まな板いっぱいの大型黒鯛
丸々と太った大型の黒鯛をさばいた。重さは1,5kgで卵を持って太っている。黒鯛は今がのっこみと言われる産卵期だ。この時期が一番脂がのって美味しい。産卵が終わるとげっそりと痩せて美味しくなくなってしまう。黒鯛釣りに熱中する人は多いが、食べるのが目的ではなく、繊細なあたりと強烈な引きに惹かれるようだ。中学高校の時、黒鯛は潜っていやと言うほど突いた。行けば必ず持って帰る。今もその気で潜れば必ず数枚は手モリで突いてくる。筏の上でじっと待つ釣りは苦手だ。食べるなら突いたほうが早い。
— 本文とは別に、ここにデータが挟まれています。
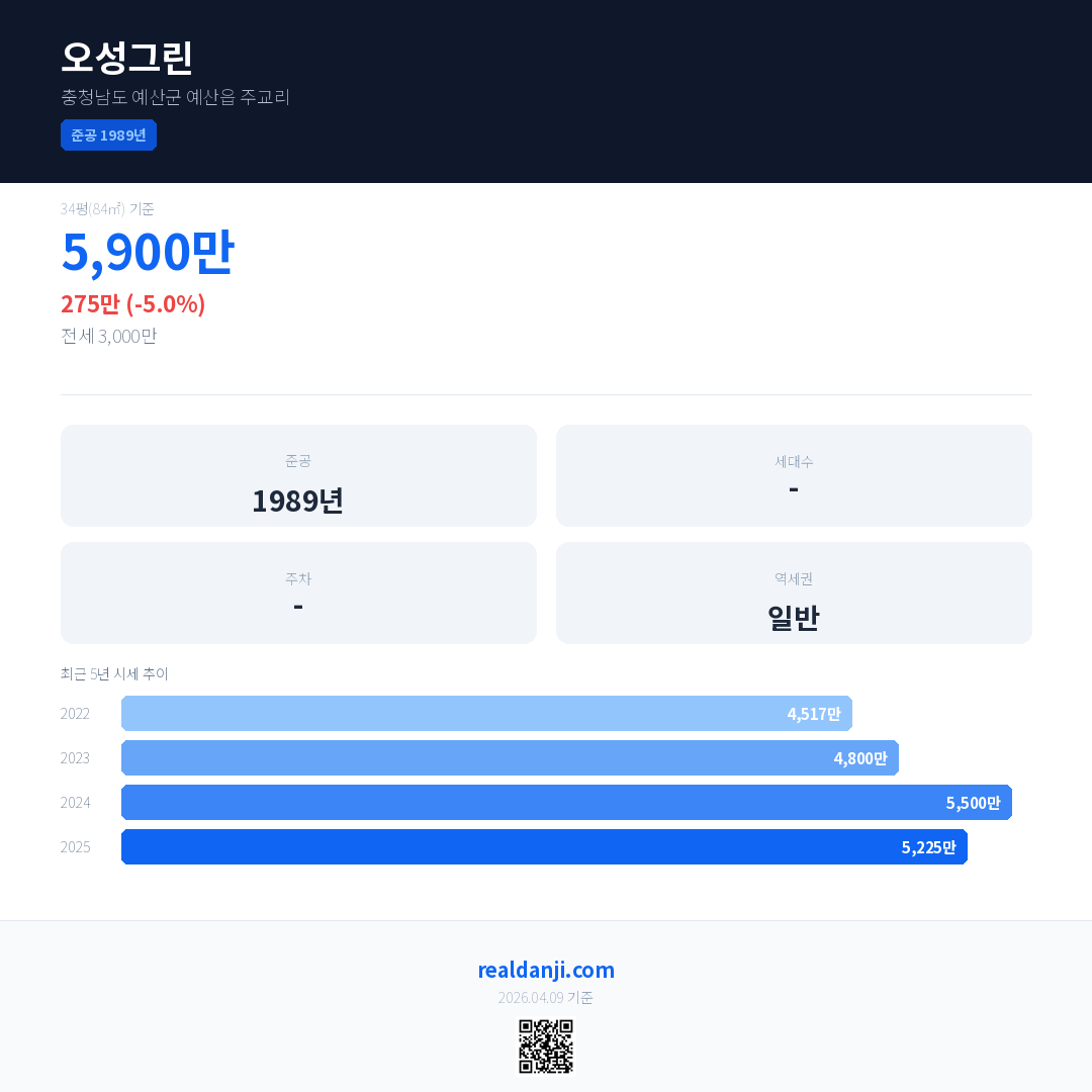 오성그린 최근 거래가는 5,900만입니다. (2025-11)

黒鯛は頭も骨も良いスープがとれるからいらない内臓以外は捨てない。とても食べきれないから小分けして冷凍ストック、最初はゴリゴリの身を焼き霜造りにした。カツオと同じように皮を焼いて氷水で冷やす。魚は皮と身の間が一番美味しい。火と氷だから「焼き霜造り」とも言うが湯でもかまわない。皮に熱湯をかけて火を通せば「湯霜造り」になる。カツオの皮は薄いが、魚によっては熱の通りがあまいと皮が硬くて噛み切れないから加減が必要だ。マダイや黒鯛のように皮の厚い魚は熱湯を二回くらいかけたほうが最初は無難だろう。タンパク質は熱を加えることで旨味が増す。タタキは9割の刺身と1割の焼き魚のサンドイッチのようなもので、表面の生臭味も消して魚を美味しく食べる日本人の食文化とも言える。カツオのように平たく並べて薬味を混ぜて庖丁で叩けば「タタキ」にもなる。タタキと似たような中華風、洋風刺身もそのうちに紹介する。カルパッチョのようなものだ。そのほうが単調にワサビ醤油で食べるよりも食欲が進んでたくさん胃袋に入る。